Dia tahu seperti apa rupanya meski tiada pernah bertatap muka. Gambaran yang
terukir di ingatannya sekuat ingatan di kepalaku ini, karena aku selalu mengukirkan
kisah itu di padaanya. Dia tahu seperti apa cinta yang selalu kupujakan, hingga
tiada lagi sosok wanita penggantinya di sisa hidupku.
“Nak!... Andai bisa, aku ingin memanjangkan waktu subuhku
esok. Aku ingin bersujud selama mungkin. Aku ingin memohon ampunan atas malam
yang selalu aku sia-siakan. Aku ingin haturkan rasa terima kasihku untuk-Nya
atas semua yang dia beri, terutama gadis Baliku yang terindah. Dialah anugerah
terindah setelah nikmat Iman yang Allah beri, bersamanya aku selalu berusaha
untuk lebih baik, bersamanya aku merasakan kesempurnaan hidup.”
_ _ _
Aroma stanggi dan melati kembali mewangi, menyapa
bulu-bulu halus penciumanku. Di ujung sana, sosok gadis Baliku bersimpuh.

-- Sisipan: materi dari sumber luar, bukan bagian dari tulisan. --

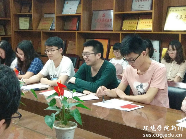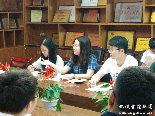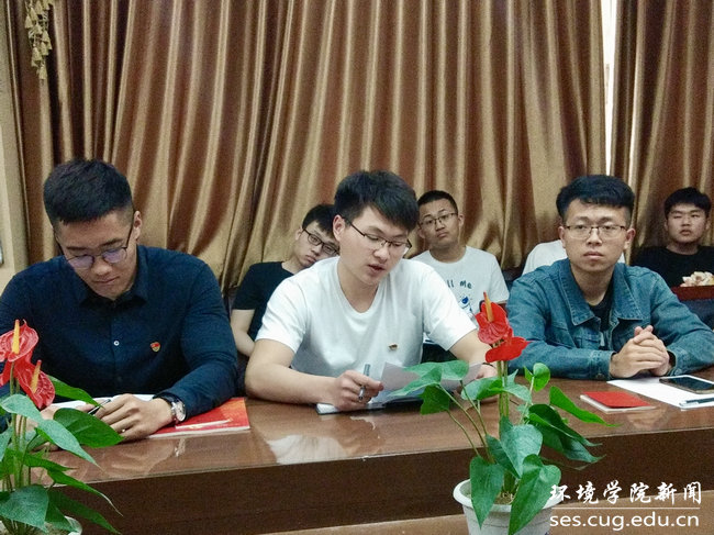 支部书记韩鹏发言。他向兄弟高校的14位党员同志介绍了近一年支部建设情况。水文党支部始终秉承“同频同向”的理念,积极探索新思路、新方法。支部严格按照“控制总量、优化结构、提高质量、发挥作用”的十六字方针发展党员,从推优表、积极分子考察登记表、三行一禁表到会议记录,均按要求填写,仔细审查,使发展党员的工作走上制度化、规范化的轨道。支部主题活动方面,组织开展了“中共五大会址”参观活动、湖南省省级贫困村精准扶贫专项调研活动、纪念毛主席诞辰125周年交流分享会活动等,支部成员以新时代青年党员的高标准和严要求,关注国家发展、关心民生动态,自觉肩负起祖国赋予青年的崇高使命。

Kerudung biru kesukaannya anggun menutupi kepala. Lembut suara dzikir dan
tahmid mengalun, merindingkan bulu romaku.
“Aku rindu…”
Ingatanku kembali, kenangan awal jumpa itu masih
membekas. Saat itu, 17 agustus aku melihatnya di Pura Agung Uluwatu. Matanya
terpejam. Bibirnya yang merekah terus bergetar, memuja mantrakan syukur pada Sang
Pencipta. Sebuah dupa menyala terapit jemarinya yang melentik. Setangkai melati
putih indah menghiasi daun telinganya. Aku terpukau dibuatnya. Kebaya putihnya
erat melekat di tubuhnya.
Lama
kulelap
Pada wanginya masih tersesap
Lupa langkah tak boleh mengendap
Pada cerita tak lagi bersayap
Lama kuterlupa
Dupa dewata hilir mudik bersama puja
Agungkan asa tiada terpatah
Walau kaki terrantai lelah
Pada wanginya masih tersesap
Lupa langkah tak boleh mengendap
Pada cerita tak lagi bersayap
Lama kuterlupa
Dupa dewata hilir mudik bersama puja
Agungkan asa tiada terpatah
Walau kaki terrantai lelah
Kini....
Serinai tatap berseri datangi lagi
Bidadari sunyi tautan imaji
Serongga rasa yang tersisa di hati
Berharap takdir suci tautan abadi
“Syair rinduku kembali bernyanyi.” Gumamku pelan. Puisi
yang kucipta untuknya masih terpatri di hati.
Aku
tersadar dari lelapku yang sejenak, lamat suara adzan subuh datang menyapa,
sadarkan aku untuk segera melangkah, tinggalkan mimpi yang baru saja berlalu.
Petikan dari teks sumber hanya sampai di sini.